For simplicity, we limit ourselves to on-the-grid and calibrated surveys, which we do not consider as a limitation because we have shown that our CS-based time-lapse acquisition can be extended to irregular off-the-grid acquisition (Wason et al., 2017) and to situations where the actual and post-plot acquisitions differ by unknown calibration errors. For details on the possible impact of calibration errors, we refer to our companion paper “Highly repeatable time-lapse seismic with distributed Compressive Sensing—mitigating effects of calibration errors” in this special issue. In that contribution, we show that the attainable recovery quality and repeatability of time-lapse vintages and difference deteriorates gracefully as a function of increasing calibration errors. The main contribution of this work is that we confirm, by means of at-scale simulation, that 3D time-lapse full-azimuth multi-vessel towed-streamer acquisition and processing are viable as long as we exploit information shared among the time-lapse vintages, by our joint-recovery model, and within the vintages themselves via low-rank matrix-factorizations (Kumar et al., 2015b). As a result, we arrive at a relatively simple easily parallelizable algorithm that is capable of handling large data volumes without relying on partitioning the data into small volumes. Instead, our permutation into the noncanonical matricization that lumps source/receiver coordinates together, leads to extremely parsimonious representations of the data, which explain the quality and repeatability of the recovered time-lapse vintages from surveys collected with relatively large subsampling ratios without insisting on replication.

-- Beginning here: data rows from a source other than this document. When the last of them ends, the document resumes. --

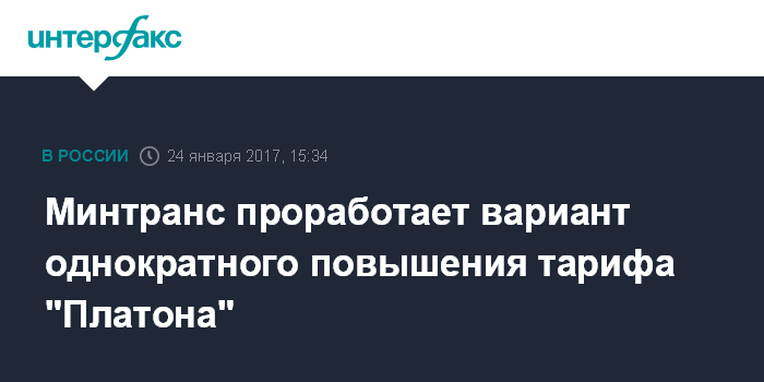 Москва. 24 января. INTERFAX.RU - Правительство РФ поручило проработать вариант однократного повышения тарифа системы взимания платы с грузовиков "Платон", сообщил журналистам министр транспорта России Максим Соколов.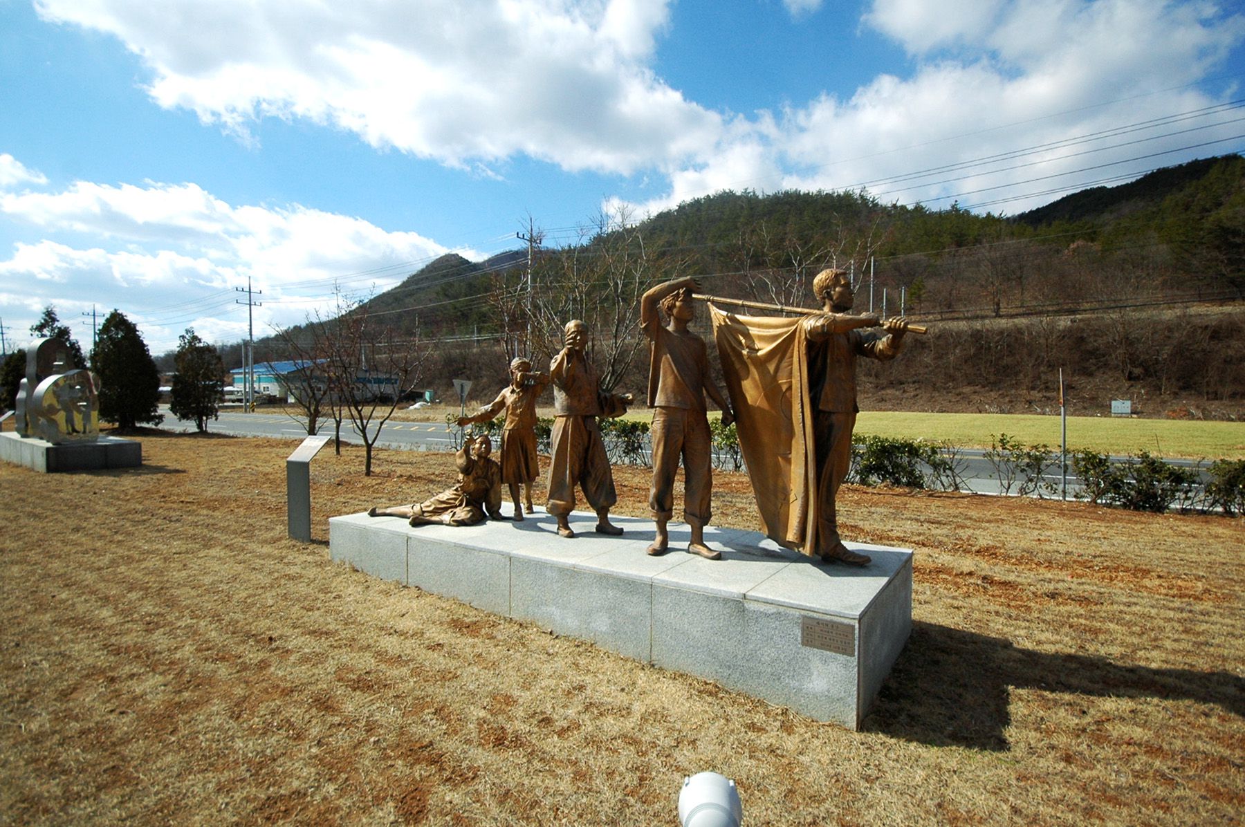 평화기념관을 마주하고 위치한 조각공원에서는 노근리 사건에 대한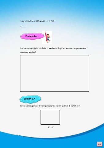 Uang kembalian = 150.000,00 – 112.500 = ....... Kesimpulan Setelah mempelajari materi diatas buatlah kesimpulan berdasarkan pemahaman yang anda ketahui! Contoh 2.7 Tentukan luas persegi dengan panjang sisi seperti gambar di bawah ini! 12 cm 35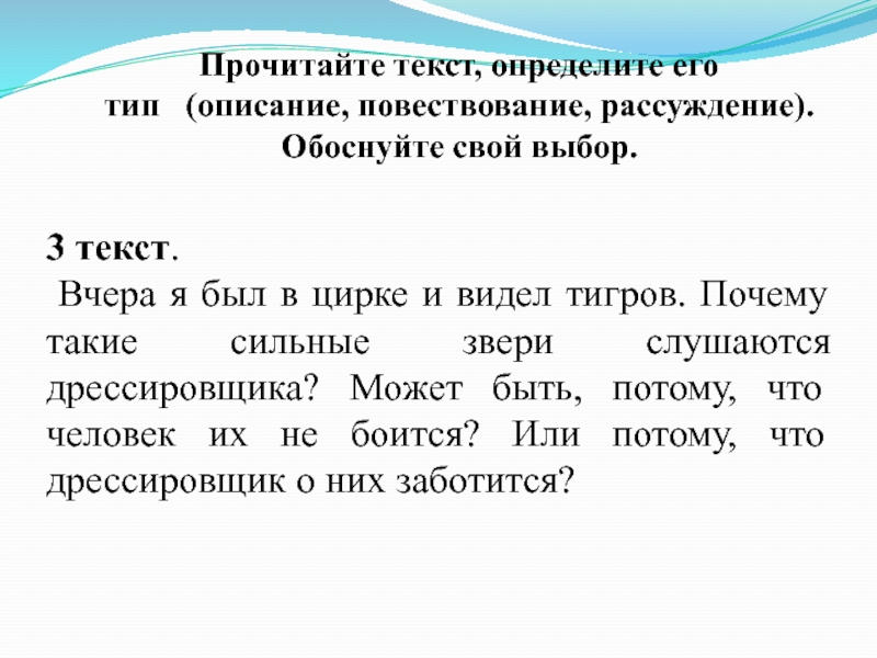 Вчера я был в цирке и видел тигров. Почему такие сильные звери слушаются дрессировщика? Может быть, потому, что человек их не боится? Или потому, что дрессировщик о них заботится?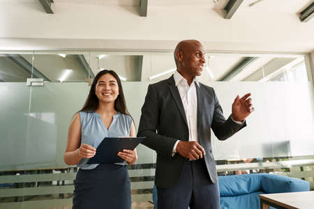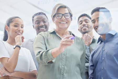 Smiling business woman team leader explaining strategy to diverse business people at briefing.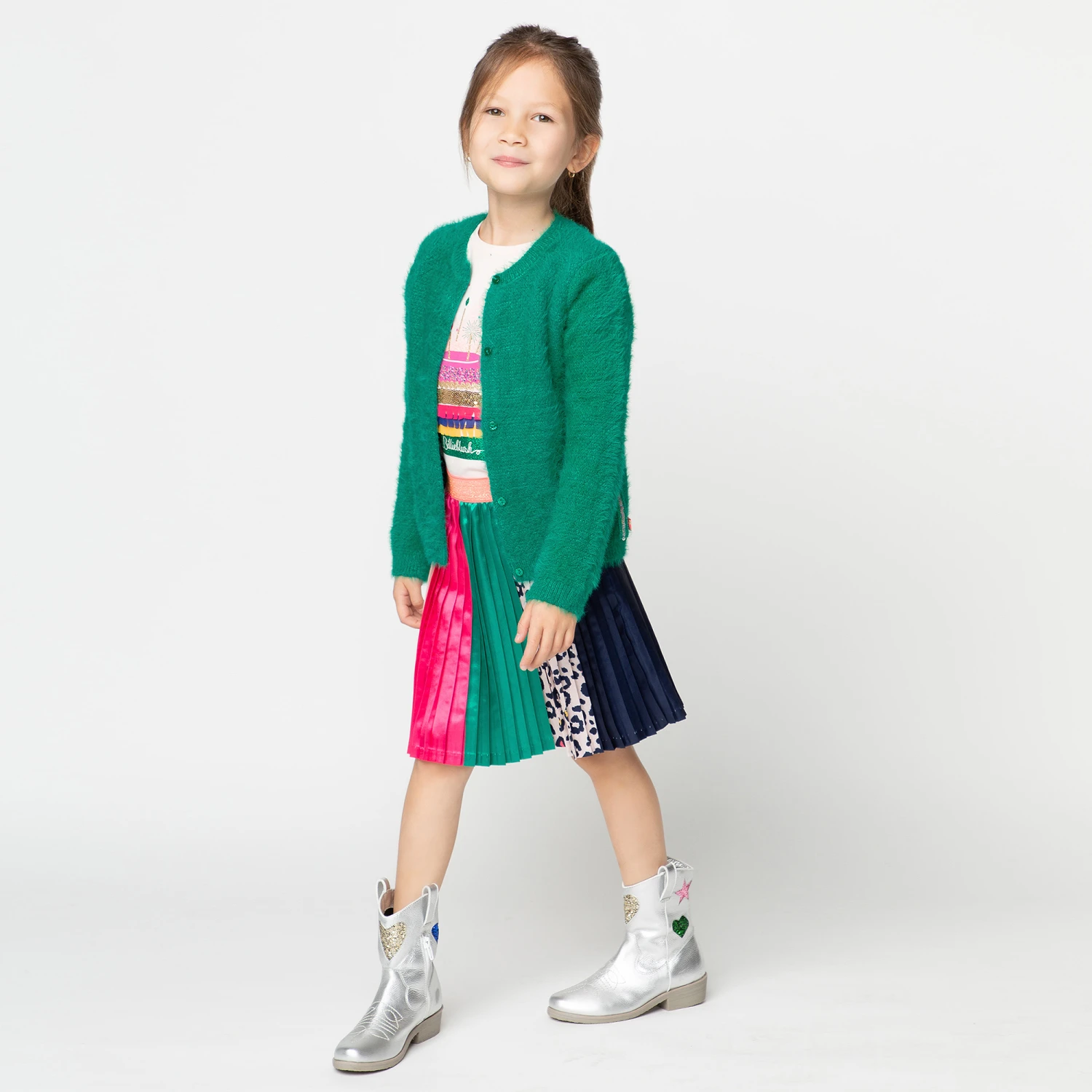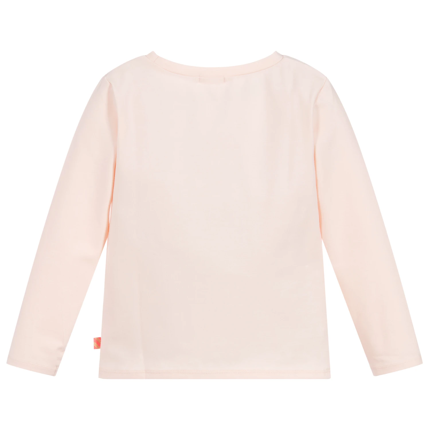 A pretty pink top for girls by Billieblush, made in a soft, stretchy polycotton jersey. It has a fun cake print on the front, in pink, glittery green and gold, with blue and pink fringed crêpe trims.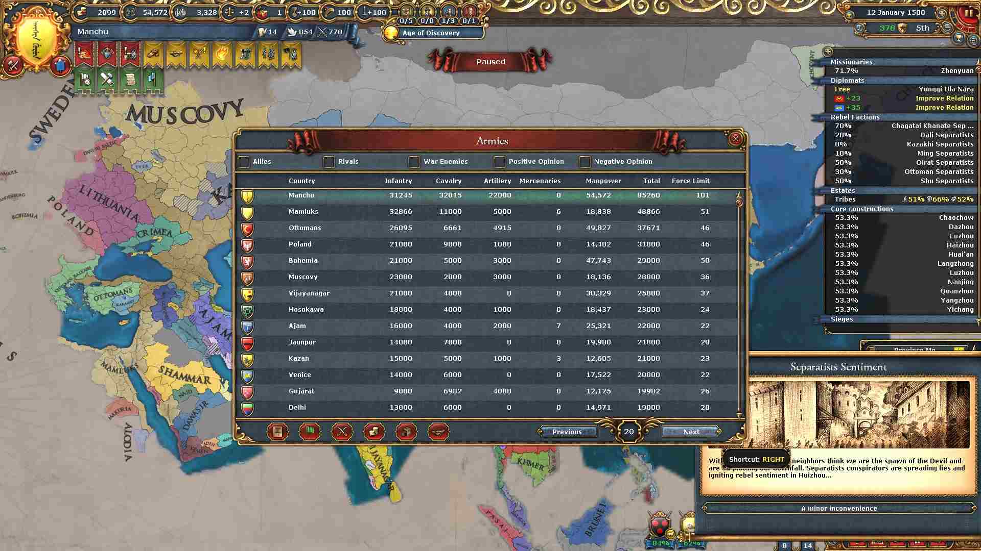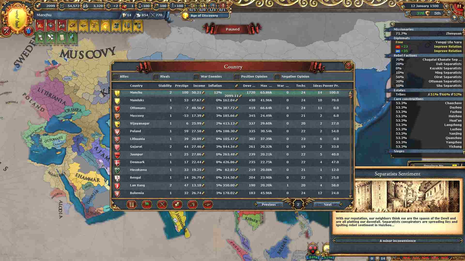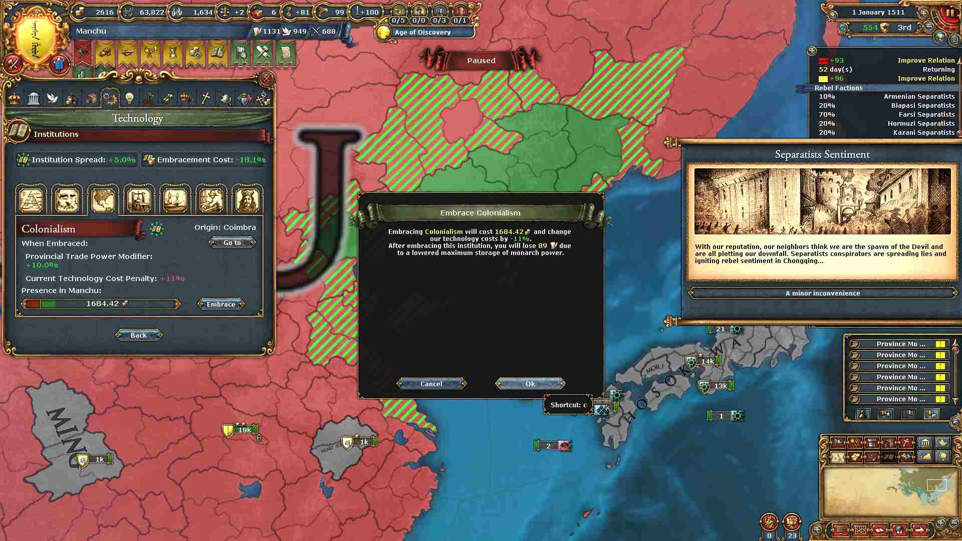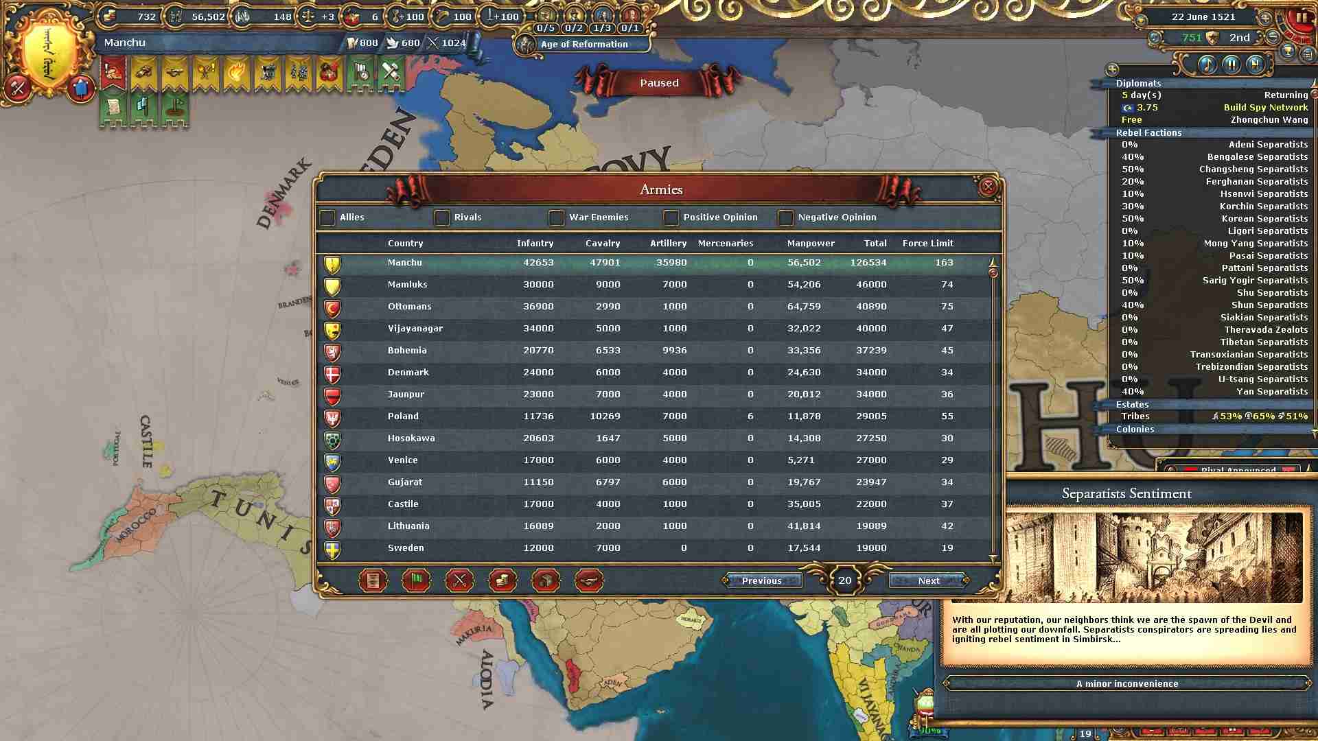 反乱軍がポコポコ生まれますが自治度上げや鎮圧部隊で乗り切ります。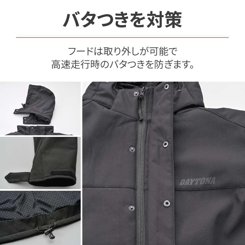 フードは脱着が可能で、高速走行時のバタつきを防ぎます。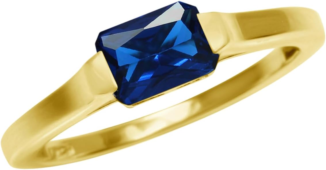 Silvershake Half Bezel Set Octagon Shape Gemstone White Gold Plated or Yellow Gold Plated 925 Sterling Silver Minimalist East-West Solitaire Promise Ring Jewelry for Women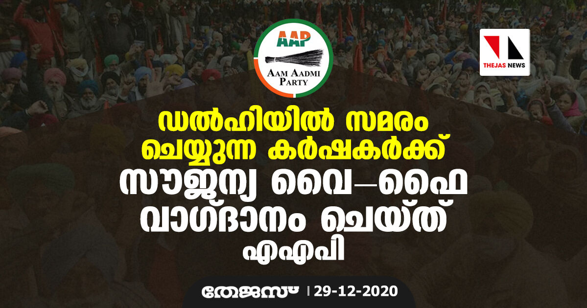 ഡല്ഹിയില് സമരം ചെയ്യുന്ന കര്ഷകര്ക്ക് സൗജന്യ വൈ-ഫൈ വാഗ്ദാനം ചെയ്ത് എഎപി

In summary, the experience we gain with our numerical feasibility study suggests that we may no longer need to insist on dense replicated source/receiver sampling as in time-lapse surveys with (semi) permanent OBC/OBN. Instead, we demonstrate that high-quality repeatable time-lapse vintages can be acquired with randomized towed-array multi-vessel acquisitions designed according to the principles of CS.

Acknowledgements

We would like to acknowledge Nick Moldoveanu for useful discussions on 3D time-lapse acquisition and Charles Jones (BG Group) for providing the BG COMPASS 3D time-lapse model. This research was carried out as part of the SINBAD project with the support of the member organizations of the SINBAD Consortium. The authors wish to acknowledge the SENAI CIMATEC Supercomputing Center for Industrial Innovation, with support from BG Brasil, Shell, and the Brazilian Authority for Oil, Gas and Biofuels (ANP), for the provision and operation of computational facilities and the commitment to invest in Research & Development.